▸ To do: Reproduce the listing in its entirety. Do not reproduce the pictures.

▸ Collected material:
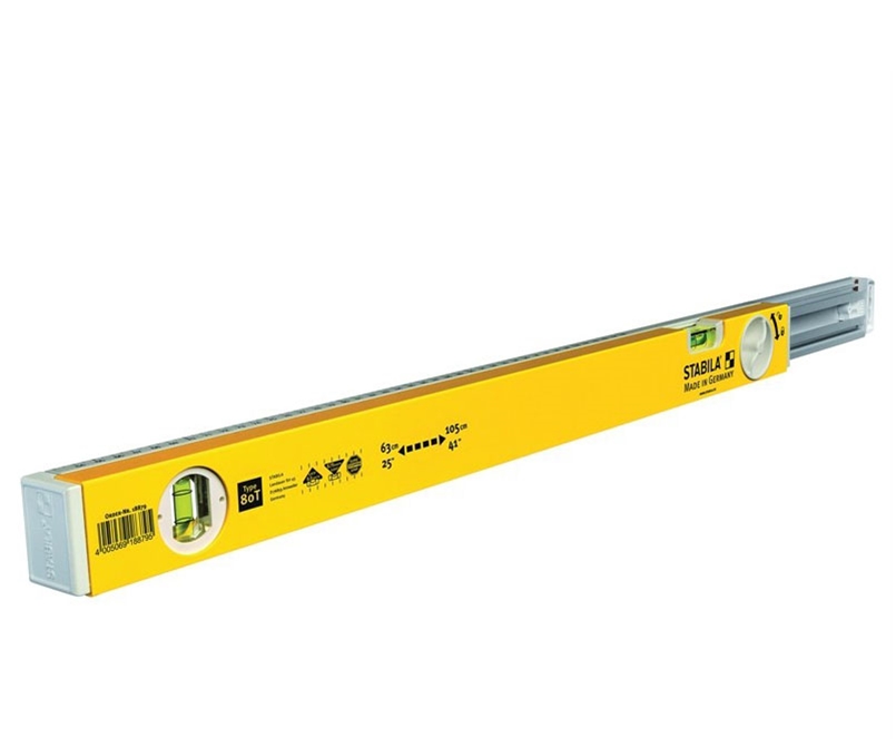 Überall wo Innenmasse benötigt werden, Bauelemente auszurichten sind und Auflageflächen kontrolliert werden müssen, ist man mit der 80 T gut ausgerüstet – ob bei Schreinerarbeiten, im Türen- oder Fensterbau. Die Wasserwaage wird in den zwei Längen 63 cm, ausziehbar bis 105 cm, und 80 cm, ausziehbar bis 127 cm, angeboten.
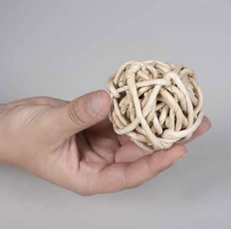 Onze maïsbal leidt zijn eigen leven :) Hij dartelt en stuitert over de vloer met een speelse onvoorspelbaarheid. Dit maakt hem voor katten bijzonder interessant.
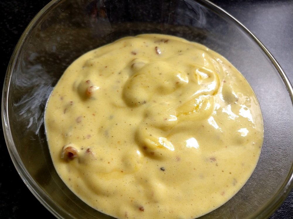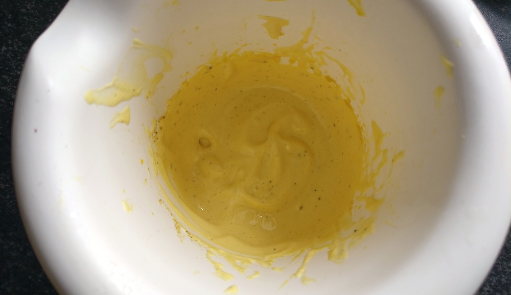 Das Eigelb, zwei Teelöffel Senf und etwas Apfelessig rühre ich mit dem Mixer durch. Nun kommt der schwierige Teil beim Mayonnaise machen: das Hinzufügen des Öls. Macht man es zu schnell, bekommt man keine Mayo-Creme, macht man es zu langsam… nun ja – steht man ewig zu rühren 🙂 Also gebe ich (gefühlt Esslöffel-weise) Sonnenblumenöl zu Eigelb-Senf-Mischung, und es dickt unter ständigem Mixen langsam an.

▸ Task answer:
 Überall wo Innenmasse benötigt werden, Bauelemente auszurichten sind und Auflageflächen kontrolliert werden müssen, ist man mit der 80 T gut ausgerüstet – ob bei Schreinerarbeiten, im Türen- oder Fensterbau. Die Wasserwaage wird in den zwei Längen 63 cm, ausziehbar bis 105 cm, und 80 cm, ausziehbar bis 127 cm, angeboten.
 Onze maïsbal leidt zijn eigen leven :) Hij dartelt en stuitert over de vloer met een speelse onvoorspelbaarheid. Dit maakt hem voor katten bijzonder interessant.
 Das Eigelb, zwei Teelöffel Senf und etwas Apfelessig rühre ich mit dem Mixer durch. Nun kommt der schwierige Teil beim Mayonnaise machen: das Hinzufügen des Öls. Macht man es zu schnell, bekommt man keine Mayo-Creme, macht man es zu langsam… nun ja – steht man ewig zu rühren 🙂 Also gebe ich (gefühlt Esslöffel-weise) Sonnenblumenöl zu Eigelb-Senf-Mischung, und es dickt unter ständigem Mixen langsam an.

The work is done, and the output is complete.